São quase seis
São quase seis como em toda manhã
E a cabeça me da voltas como um sino
A vida tem cheiro de serragem e salário de porteiro
As demais blasfêmias vou deixar no tinteiro
E desafina um ninho de sábias
Mas fique tranqüilo já virão dias piores
E se desfaz o álibi da noite senhor juiz
E choram as recem casadas condenadas a saber
E nas ruas sem saida se suicida um acordeon
E na mecânica do rock
E o rock and roll despertador
Chamando a cumprir a lei
E eu pondo o jeans
Com vontade de perder o trem
Das seis da manhã.
Não penso levantar-me esta semana
Dim-dom as seis da manhã
O astro rei parece uma rã.
Outro domingo e outra segunda que agonizam
E outra terça e outra quarta de cinzas
Assim que se, te cruzas pelo meu caminho gata
Não pises meus sapatos de camurça azul marinho.

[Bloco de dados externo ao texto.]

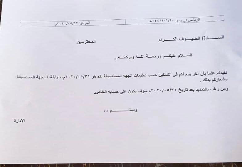 كشف إشعار وجهته السلطات السعودية لقيادات المرتزقة في حكومة الفار هادي بإخلاء المساكن التي يقيمون فيها بفنادق الرياض، وعدم تجديد السكن لكافة مسؤولي المرتزقة التي كانت مخصصة لهم، بعد تاريخ 31 مايو كحد أقصى.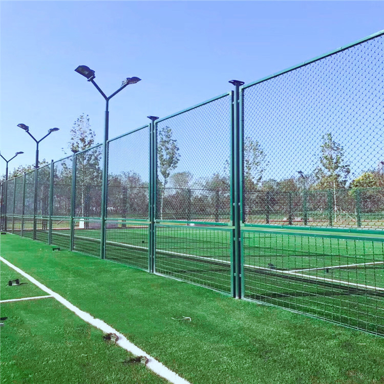 在籃球場、足球場等體育場所,可以使用勾花網護欄,網身為編織勾花網,比普通焊接網網身受力更多,不會因為球的撞擊而有網片開焊的的擔憂。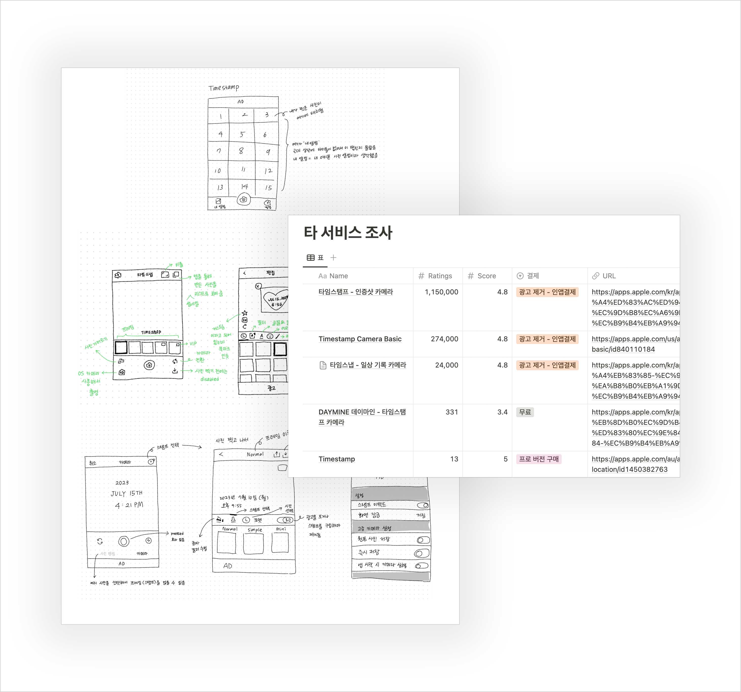 우선 레퍼런스 조사를 했다. 현재 타임스탬프 앱들의 하이어라키는 어떻게 되어 있는지, UI는 어떻게 구성되어 있는지, 어떤 기능들을 제공하는지, 사용자들의 피드백은 어떤지, 그리고 제일 중요한 비즈니스 모델도 조사한다. 이 과정은 손으로 직접 타 서비스들의 앱을 스케치도 하고, 표로 만들어서 정보를 비교하기도 한다.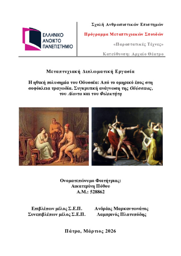 Περίληψη (Abstract): Ο Οδυσσέας συγκαταλέγεται στους πλέον πολυδιάστατους και ηθικά σύνθετους χαρακτήρες της αρχαίας ελληνικής γραμματείας, καθώς η μορφή του αποτυπώνει με ιδιαίτερη σαφήνεια τη διαρκή ένταση ανάμεσα στην αρετή και στις εγγενείς αδυναμίες της ανθρώπινης φύσης. Στην Οδύσσεια, ο ομηρικός ήρωας σκιαγραφείται ως φορέας ιδιαίτερης ευφυΐας, επινοητικότητας και στρατηγικής δεξιότητας, ενώ παράλληλα, η δράση τ...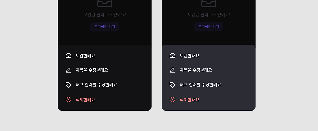 그런데, 라이트 모드로 디자인 후 페어링 된 컬러로 스위칭해보니 무언가 이상함을 느꼈다. 라이트와 다크 모드의 컬러가 무조건적으로 1대 1 매칭이 되지 않는다는 점이었다. 라이트 모드에서는 한 컬러가 두 가지 역할을 수행했는데, 다크 모드에서는 각각 다른 컬러를 사용해야 하는 상황이 생기는 것이다. 예를 들면 아래와 같은 상황이다.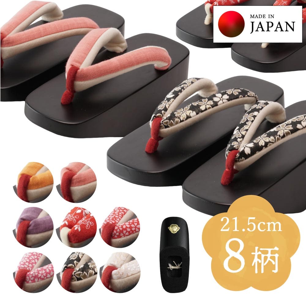 桐こっぽり下駄 黒塗 柄花緒 ゴム付 21.5cm 日本製
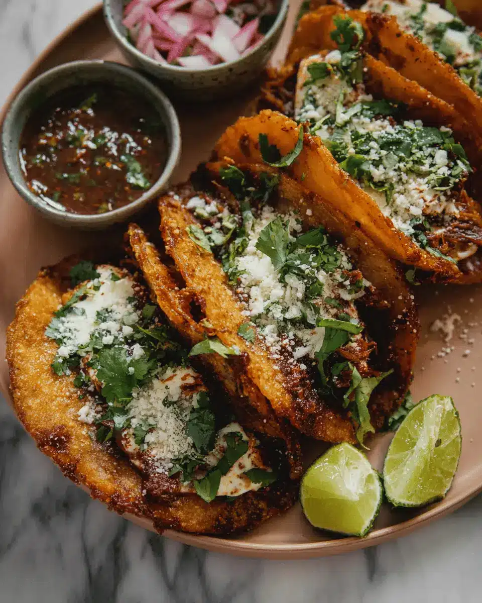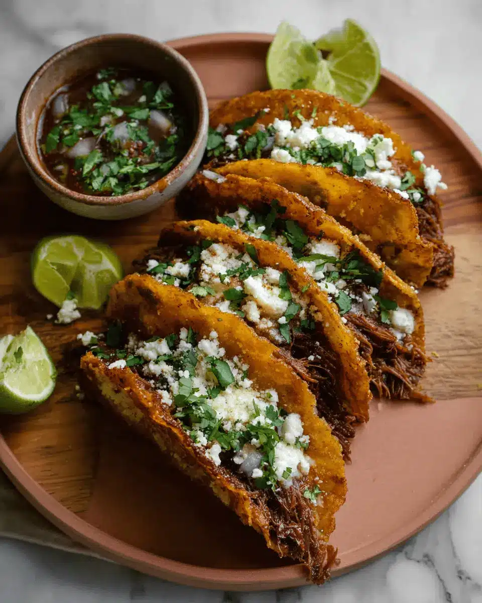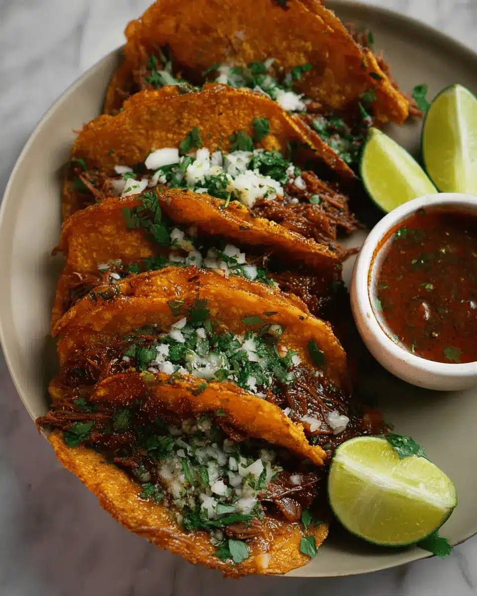 Presentation can elevate your meal! Stack your Birria Tacos on a rustic wooden board, topped with a sprinkle of cilantro and lime wedges. Use vibrant bowls for the consomé to create a colorful contrast. Consider adding sliced radishes or pickled onions for a touch of crunch and color—this not only looks appealing but adds extra flavor, too. The visual feast will surely impress your guests and enhance your dining experience!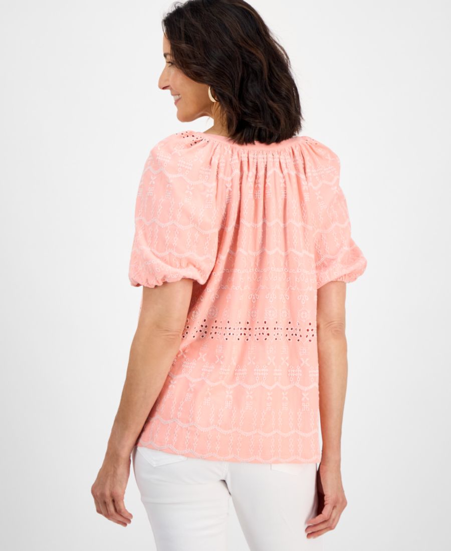 Женская блузка с перфорированным вырезом на шее Style & Co, Blushing Combo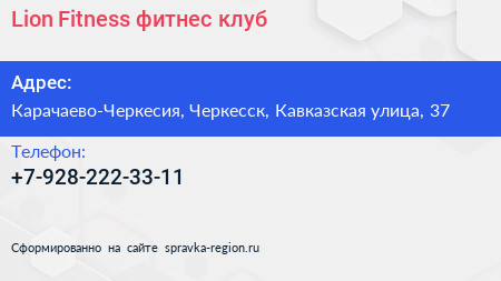 Lion Fitness, фитнес-клуб по адресу Карачаево-Черкесия, Черкесск, Кавказская улица, 37 в дальнейшем Организация, размещена в следующих категориях: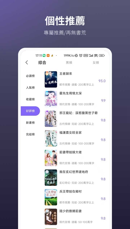 支持在线阅读和下载阅读两种模式,连载作品实时更新提醒,支持多任务后台切换,阅读过程不会被打断。
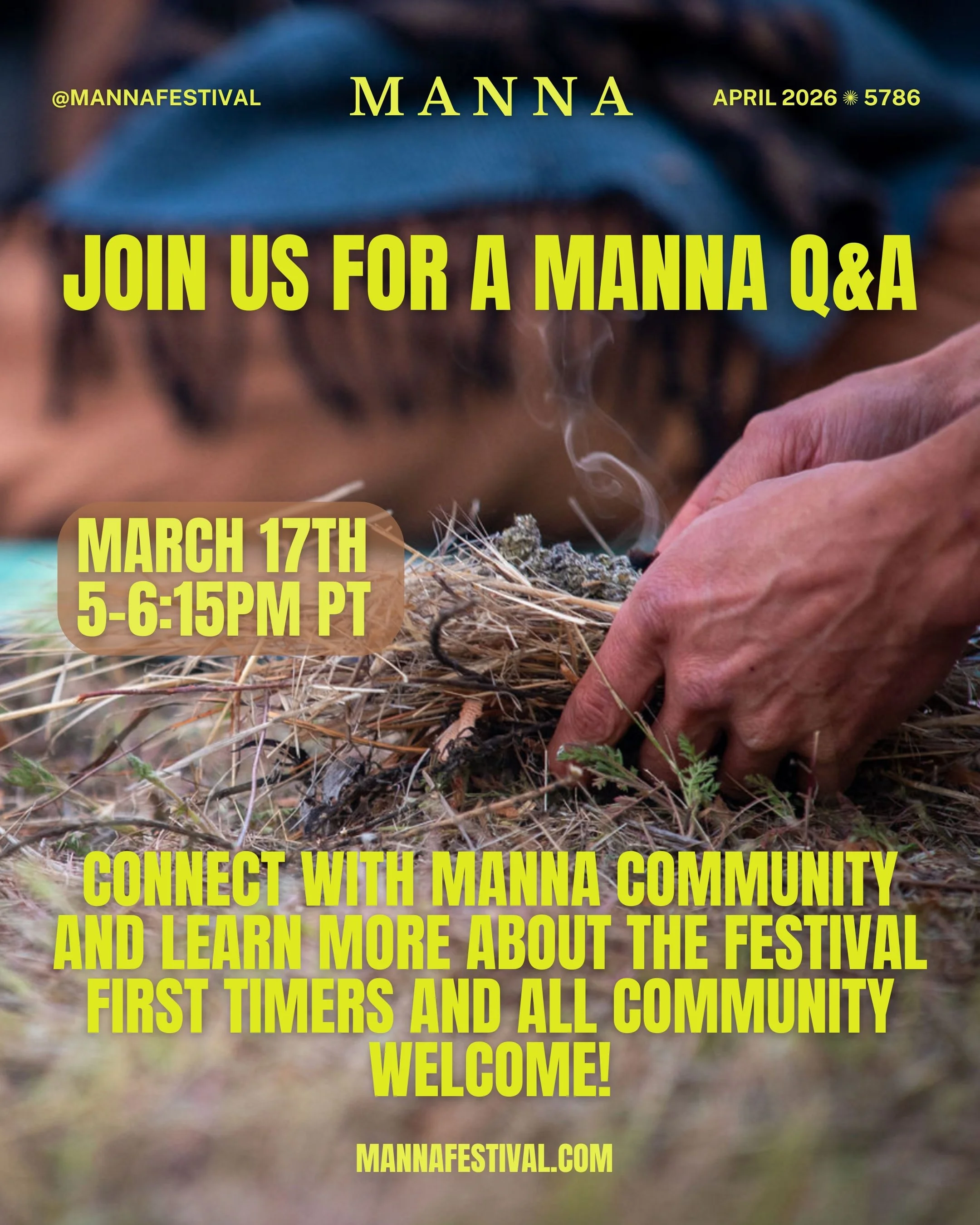 Join MANNA Co-Directors Ariella Powers + Daniel Schindelman Schoen (along with other MANNA leaders) to learn more about the upcoming MANNA (post) Passover Pilgrimage Festival. We will plug ourselves into the vision and inspiration behind the gathering, create a space for dialogue and connection, and answer your questions. Free and open to all!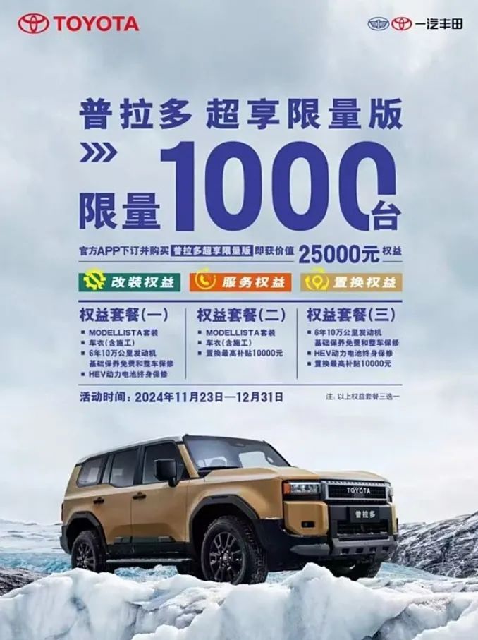 这么看来,大家就能理解一汽丰田为啥还选择订这么个不讨喜的价格了吧,因为有底气,知道普拉多就是个能赚的盆满钵满的车。但那还是2020年以前,那时候自主品牌像样的硬派SUV太少了,放到2024年,很多人对于普拉多价格的预期就是30多万。因为不好卖,普拉多的价格也不坚挺了,但不是指的官方说的两万五。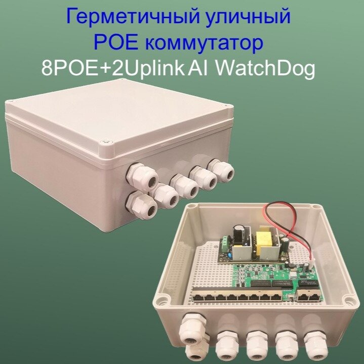 Уличный POE(свитч) 8POE+2Uplink 1000 Мбит/с, WatchDog, Бюджет 120 Ватт, switch IC REALTEK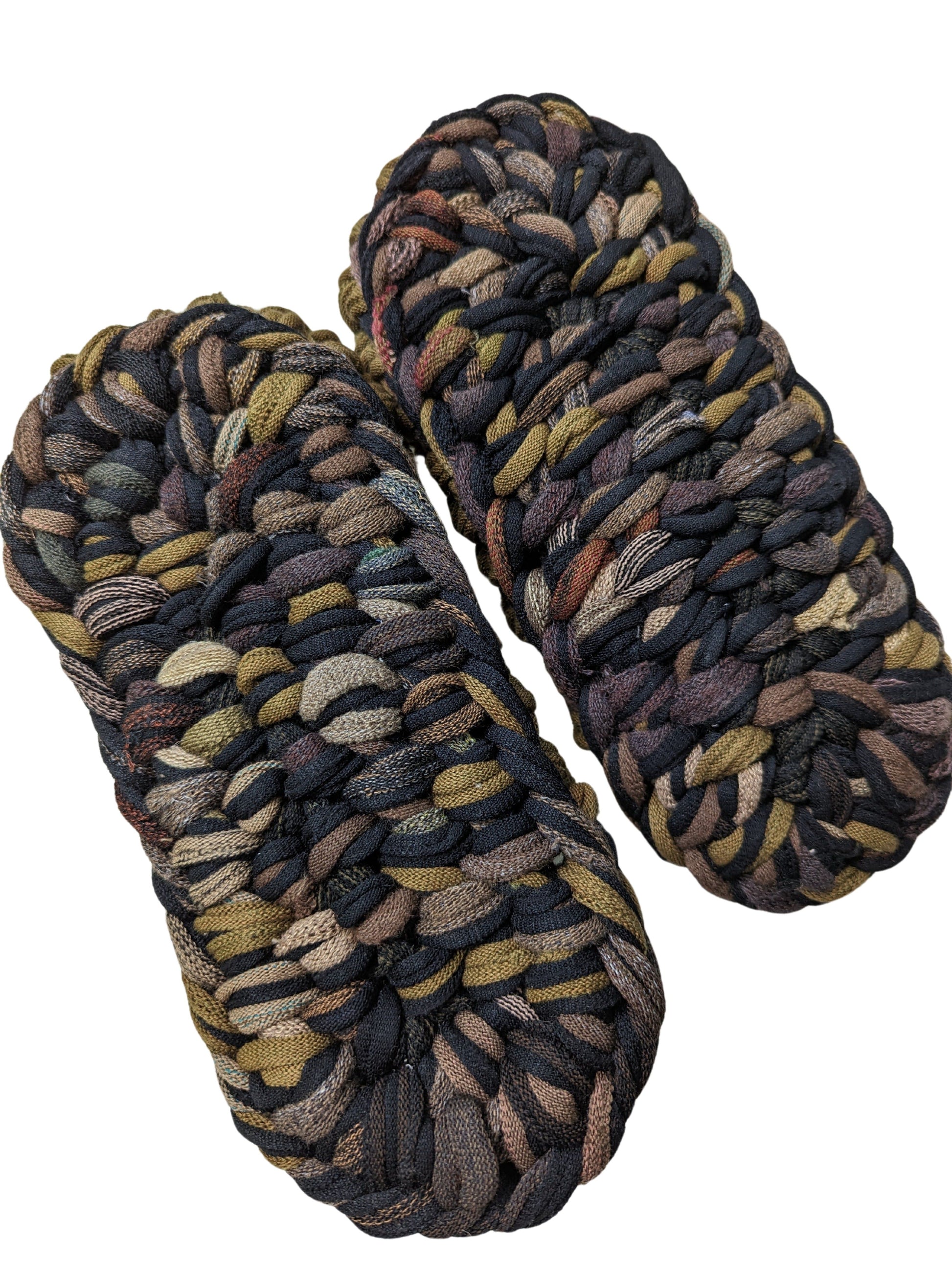 These slippers are made from recycled scraps of fabric discarded by a knitted items factory. As they are made from recycled materials, the size and colour of individual slippers in a pair may have some minute discrepancies. These slippers are elastic. We would recommend these slippers for when you want to relax, or make yourself comfortable.

E as ovelhas desgarradas tosquiadas no redil
E o vírus da madrugada corta como um bisturi
E nos hospitais sem memória embalsamam
Um coração na sala de cirurgia do horror.
E o rock and roll do despertador
Chamando para cumprir a lei
E eu tirando o jeans
Sem muita vontade de viver
As seis da manhã.
Pai nosso que estas nos hotels de passo
E nas olheiras, e nos lençóis e nos copos
São as seis e nunca da manhã
Quando se coçam os que ja não tem nada pra coçar
As seis da manhã.
E se desvelam os que ja sonharam quase tudo.
As seis da manhã e as ovelhas tosquiadas no redil.
E o beijo da madrugada corta como um bisturi
E os carteiros só deixam propaganda no portão
Os políticos estreiam o sorriso de um milhão.
E dizem do álibi da noite senhor juiz
E as esposas enganadas se acostumam a perder.